Lorsque des hasards ou des recherches font découvrir au Mexique une mine d’or ou d’argent, on en déclare l’existence au gouverneur de l’état, qui en accorde la concession, si toutefois le dénonciateur (c’est ainsi qu’on l’appelle) n’est ni étranger, ni soldat, ni prêtre, et à la charge pour lui de la mettre en exploitation dans le délai d’un an et un jour, faute de quoi la concession retombe dans le domaine public. Les formalités sont les mêmes, à quelques exceptions près, pour les bancs de perles. Une fois ces formalités remplies, on songe aux préparatifs de la pêche.
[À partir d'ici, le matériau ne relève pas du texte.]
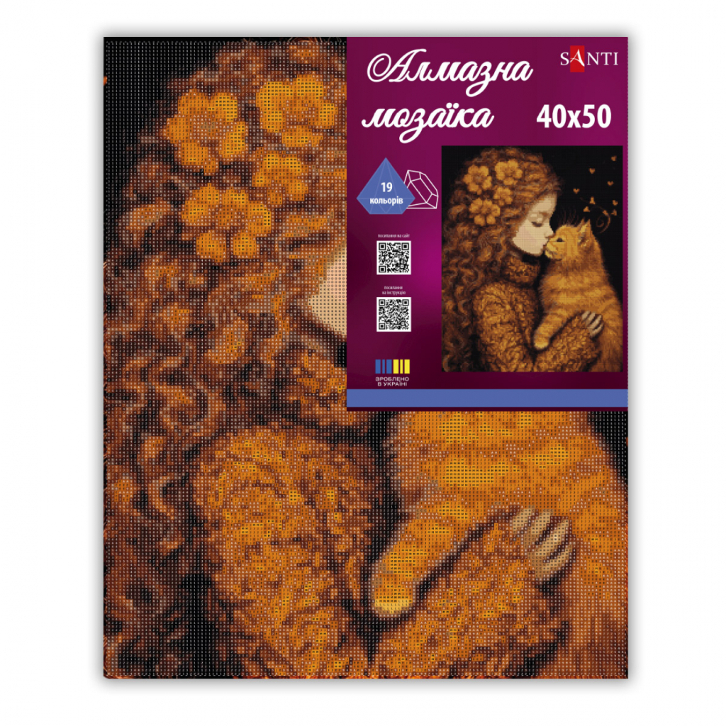Пориньте в атмосферу натхнення та творчості з алмазною мозаїкою Дівчинка та кошеня ТМ SANTI! Алмазна мозаїка – творчість, яка не вимагає спеціальних навичок і досвіду, проста і цікава техніка, яку легко освоїть кожен. Процес викладання страз діє як арт-терапія: допомагає розслабитися, зняти стрес, даруючи задоволення від кожного відблиску та переливу.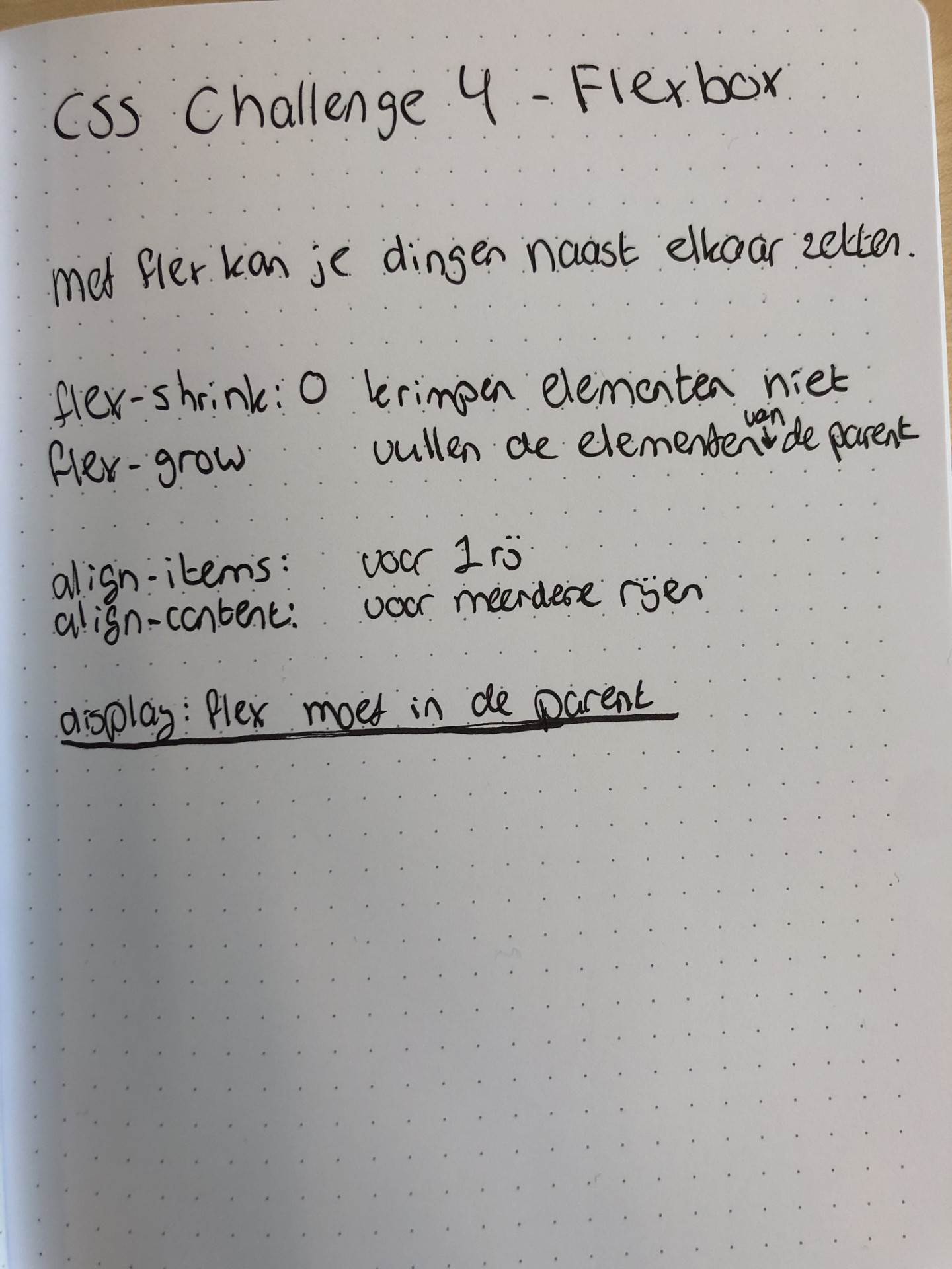 CSS Challenge 4 - Flexbox: Flexbox geleerd en opdrachten gemaakt. (Aantekeningen)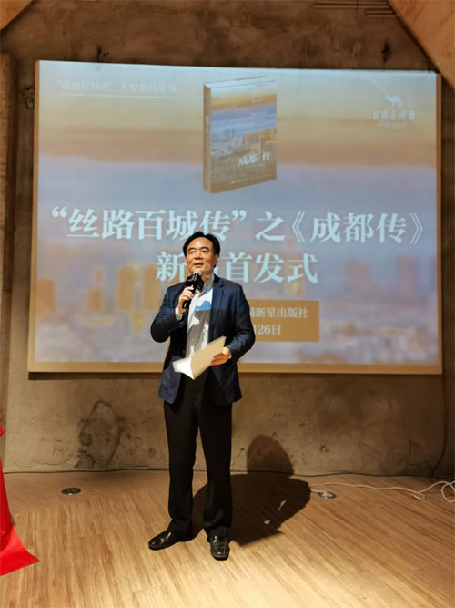 2021年5月26日下午,中国外文局新星出版社在成都方所书店举办“丝路百城传”之《成都传》新书首发式。中国外文局副局长陆彩荣,新星出版社社长马汝军,中共成都市委宣传部副部长、市委外宣办(市政府新闻办)主任丛峰,中共成都市锦江区委常委、宣传部部长邱长宝,《成都传:熊猫家园诗歌殿堂》作者谭平等众多嘉宾共同出席了首发式。

Les propriétaires du placer qu’on doit exploiter embauchent, parmi les tribus indiennes du littoral de Californie et de celui de Sonora, qui y fait face, le nombre de buzos (plongeurs) dont ils ont besoin. Comme les mineurs, les plongeurs sont à la part, c’est-à-dire que leur salaire consiste uniquement dans une portion du bénéfice qu’on leur abandonne. Dès que les opérations de pêche sont commencées, ils deviennent l’objet d’une surveillance incessante, car on conçoit combien il est facile de soustraire une perle d’un grand prix. Le capataz ou chef d’une brigade est chargé de ce soin. On confie d’ordinaire cette autorité, presque toujours despotique, à un homme que sa force morale ou physique a fait respecter ou craindre de ses camarades.
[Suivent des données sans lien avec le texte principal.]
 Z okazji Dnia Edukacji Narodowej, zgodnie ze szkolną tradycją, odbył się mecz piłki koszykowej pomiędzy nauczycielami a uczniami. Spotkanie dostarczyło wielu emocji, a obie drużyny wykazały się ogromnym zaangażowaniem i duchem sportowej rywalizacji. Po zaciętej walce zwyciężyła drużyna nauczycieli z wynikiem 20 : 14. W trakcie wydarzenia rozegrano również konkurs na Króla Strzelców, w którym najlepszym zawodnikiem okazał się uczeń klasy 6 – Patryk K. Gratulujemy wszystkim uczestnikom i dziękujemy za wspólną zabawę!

Ces plongeurs sont accompagnés de leurs familles. À leur suite viennent les sorcières des diverses tribus parmi lesquelles les buzos sont recrutés. Ces femmes, qui exploitent la crédulité indienne, ont pour mission de charmer les requins et d’endormir leur férocité ou leur vigilance. C’est peut-être, de tous les métiers qui viennent s’exercer dans une pêcherie, le plus commode et le plus lucratif. Les rescatadores

  1. Le mot placer désigne un endroit où l’on trouve de l’or ou des perles à fleur de terre ou à fleur d’eau ; le mot mina entraîne avec lui l’idée de travaux souterrains. L’exploitation d’un placer est presque toujours heureuse, et celle d’une mina trop souvent stérile.